Ван­дер­буль гля­дел в Лёш­ки­ны вы­пук­лые гла­за. Что-то за­твер­де­ло у не­го внут­ри. Все пред­ме­ты во дво­ре ста­ли вдруг мель­че, от­чет­ли­вее, они как буд­то слег­ка ото­дви­ну­лись. И Лёш­ка ото­дви­нул­ся, и Лю­цин­д­ра. В гла­зах у Лю­цин­д­ры от­ра­жа­ют­ся Гень­ка и Шу­рик. Ру­ки у Ван­дер­бу­ля ста­ли лег­ки­ми и го­ря­чи­ми. Та­ки­ми го­ря­чи­ми, что за­щи­па­ло ла­до­ни.

– Я вы­рву, – ска­зал Ван­дер­буль.

– Ты?

– А не­у­же­ли ты? – ска­зал Ван­дер­буль.

Он спрыг­нул с транс­фор­ма­тор­ной буд­ки и, при­хра­мы­вая, по­шёл к под­во­рот­не. Ре­бя­та по­сы­па­лись за ним. В под­во­рот­не Гень­ка ос­та­но­вил их.

– Пусть один идёт.

– Сов­рёт, – за­уп­ря­мил­ся Лёш­ка-Х­валь­ба.

Шу­ри­к-Про­сто­к­ва­ша за­ме­тил:

– Как же сов­рёт? Ес­ли зуб не вы­рвать, он це­лым ос­та­нет­ся.

– Вот по­хо­хо­чем, – за­сме­ял­ся Лёш­ка-Х­валь­ба. – Вы­став­лять­ся пе­ре­ста­нет. И че­го вы­став­ля­ет­ся?

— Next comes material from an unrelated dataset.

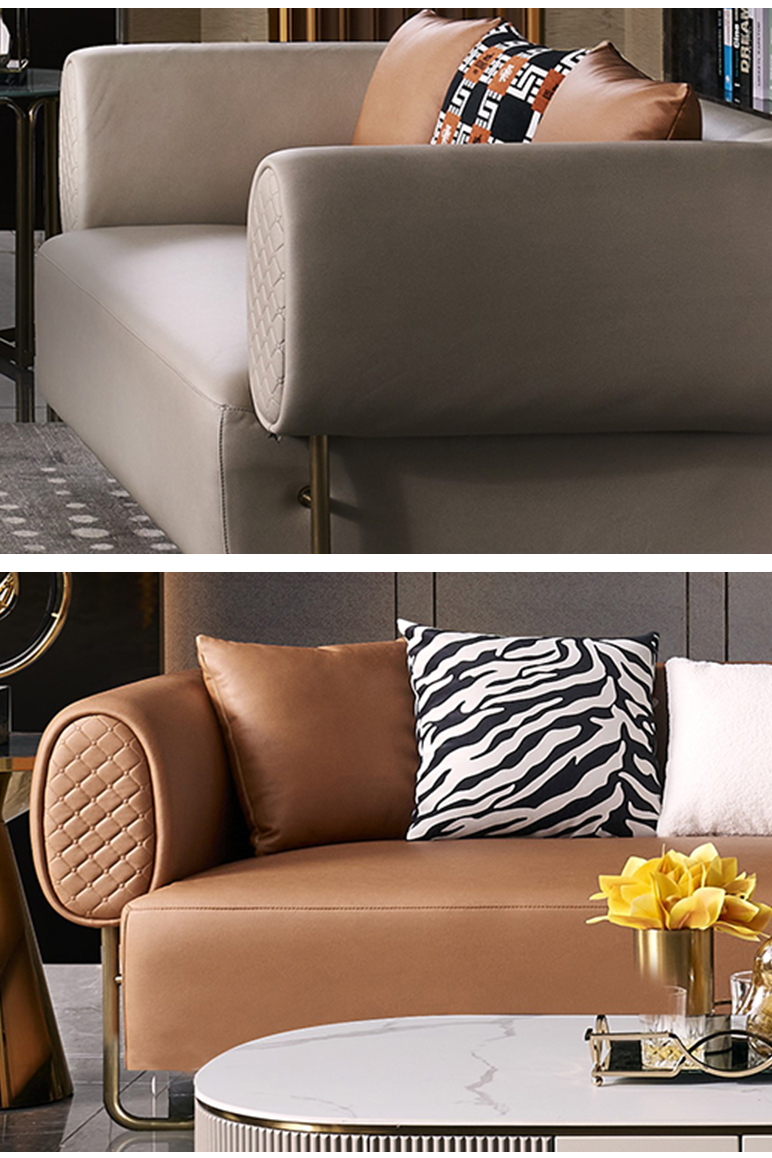 拉斐尔 轻奢 纳帕皮+仿真皮+(单位绒布)+进口落叶松+多层实木板+高回弹海绵+电镀不锈钢五金 1+2+3 沙发

Ван­дер­буль шёл ру­ки за спи­ну, как хо­ди­ли ге­рои на казнь, до бо­ли сдви­нув ло­пат­ки. Он ни о чём не ду­мал. Шёл поч­ти не ды­ша, что­бы не рас­тре­во­жить жё­ст­кое и, на­вер­но, очень хруп­кое чув­ст­во ре­ши­мо­сти.

Ко­гда он скрыл­ся в улич­ной раз­но­цвет­ной тол­пе, Лёш­ка-Х­валь­ба под­тя­нул об­вис­лые три­ко­таж­ные брю­ки.